Emily Oster

4 minute read Emily Oster

Emily Oster

Wins, Woes, and Screaming

Your stories for the week

Emily Oster

4 minute read

Welcome back to Wins and Woes, a moment in the week when we step back from the data to share your stories about the ups and downs of pregnancy and parenting.

Today we have three stories, and a question from a reader who is desperately searching for solutions (and support) for her unsoothable child.


Economics 101

Every night, my 3-year-old goes to the fruit stand on our corner, where they give him Andes chocolates — let’s just say he’s charmed the neighborhood (and he does pay sometimes; he tried to buy 10 with $20 the other day). When we got home last night, he got very upset that I wouldn’t let him have all three. I sat down and drew him a happiness chart demonstrating how happy each chocolate would make him and how he would get less happiness from each chocolate if he ate them all at once. When I finished, he asked me to draw circles around the happy faces and then agreed to only have one and save the others. Economics 101 for the win!

Red crayon drawing of "diminishing returns."

[Emily’s note: What is being illustrated here is that having one makes you much happier than zero, but two is only a bit better than one (and so on). This is the lesson of “diminishing marginal returns.”]

Twins and a Toddler

As a mom of 4.5-month-old twins and a 2.5-year-old, I hear “bad mom” in my head more than I would like. There isn’t enough mom to go around. I recently realized my negative self-talk was a problem when my mom spent the week here and I heard her negative self-talk over and over. I realized that her voice became my voice. But I don’t want my voice to become my kids’ voice.

My biggest struggle lately has been with feeding. The twins are exclusively breastfed, but for the past couple weeks, I haven’t pumped as much as they are eating while I’m at work. Logically I know that to exclusively breastfeed twins for 4.5 months is a huge win, but I am my own biggest critic and can’t help but feel like a bad mom because my body is failing my babies.

Moms Supporting Moms (with Sushi)

Recently, a friend who is pregnant for the first time shared how much of a game-changer it was to have seen me eating sushi when I was pregnant. She’s a physician, and never knew what the causal literature (or lack thereof) suggested. It meant more than I expected to have unknowingly led by example for another soon-to-be mom, and I’m excited to have a community where we lift each other up, even with something as small as sushi.

This week’s reader question

An illustration of a parent on a life raft with a screaming baby.
Rachel Deutsch

Our 13-month-old came out of the womb screaming, and it feels like he has barely taken a breath since. The “colic” did not subside at six weeks, or 12, or even a year, when everyone said it would. We have had bouts of reprieve, but on the whole, our baby is extremely strong-willed and seems susceptible to what we would describe as panic attacks and working himself into an oblivion that he cannot soothe himself or be soothed out of (e.g. crying fits that last 3+ hours). 

It feels like we have tried everything — probiotics, dietary changes, different formulas, solid food, craniosacral therapy, dermatologists, sleep training, gas drops, gripe water, different pediatricians, countless pediatrician visits, ER visits (stomach ultrasound revealed nothing sinister, likely gas), antidepressants (for Mom), therapy (for Mom). I have tried getting an early intervention appointment in case they could tell us something about our baby (to no avail, no referral). I just spent the morning googling alternative/shamanic healers in my area because I don’t know what else to do. 

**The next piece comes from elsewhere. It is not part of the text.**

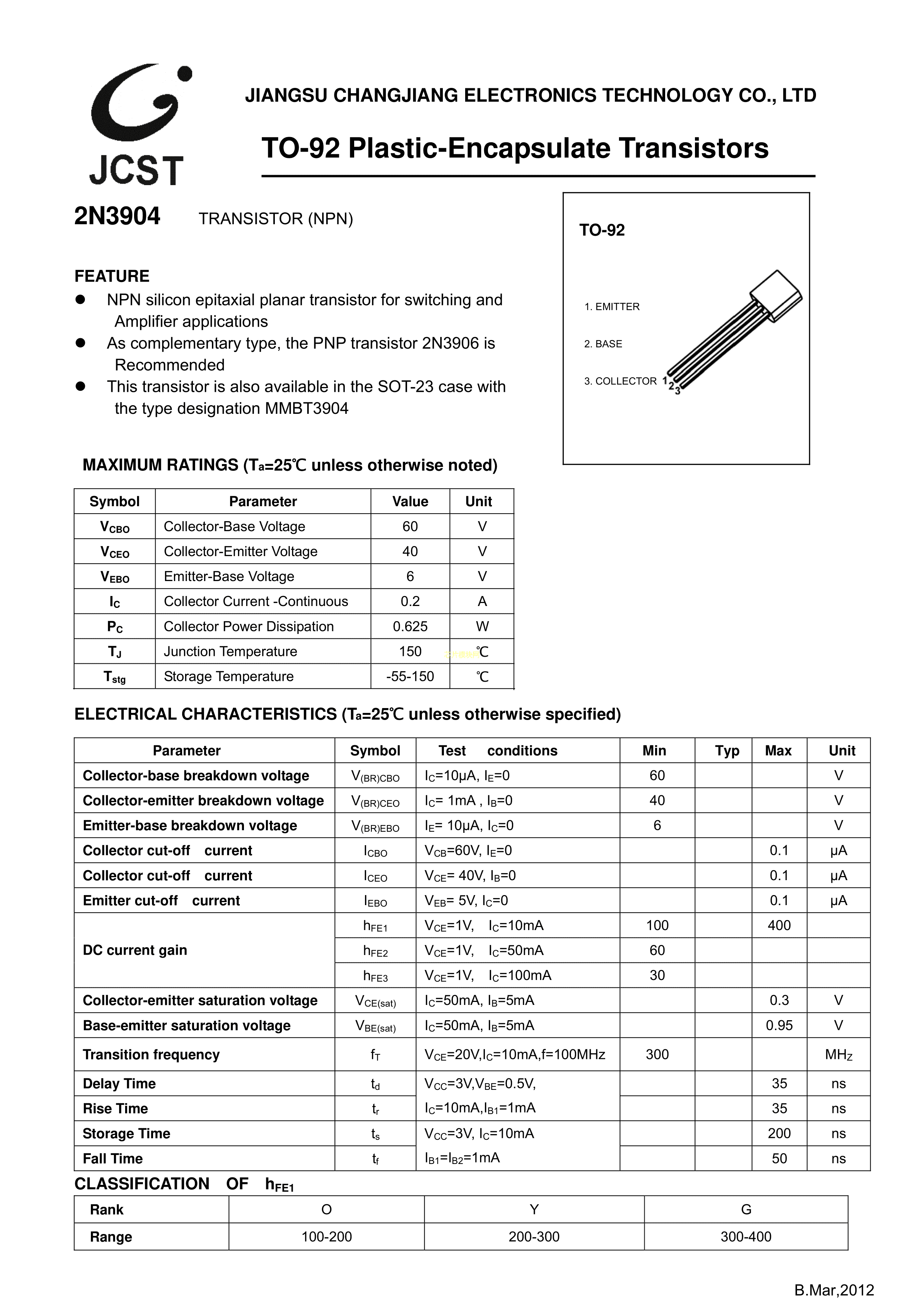 2N3904数据手册TO-92封装CJ(江苏长电-长晶)PDF规格书,中英文下载

He presents as healthy, hitting his developmental milestones, and every time we go to the doctor he is of course fine and smiling. Thank goodness he is “healthy,” but it affords us zero help and makes me feel even more isolated. My partner and I are going crazy. It feels like we are on an island because we can’t quite describe the special hell the last year-plus has been to our friends with similar-age kids who all are seemingly happy and thriving. Can anyone relate? Does our baby just hate us? Does anyone have any suggestions? It devastates me to say this, but I’m at the point where I feel like someone else can do this better than we can.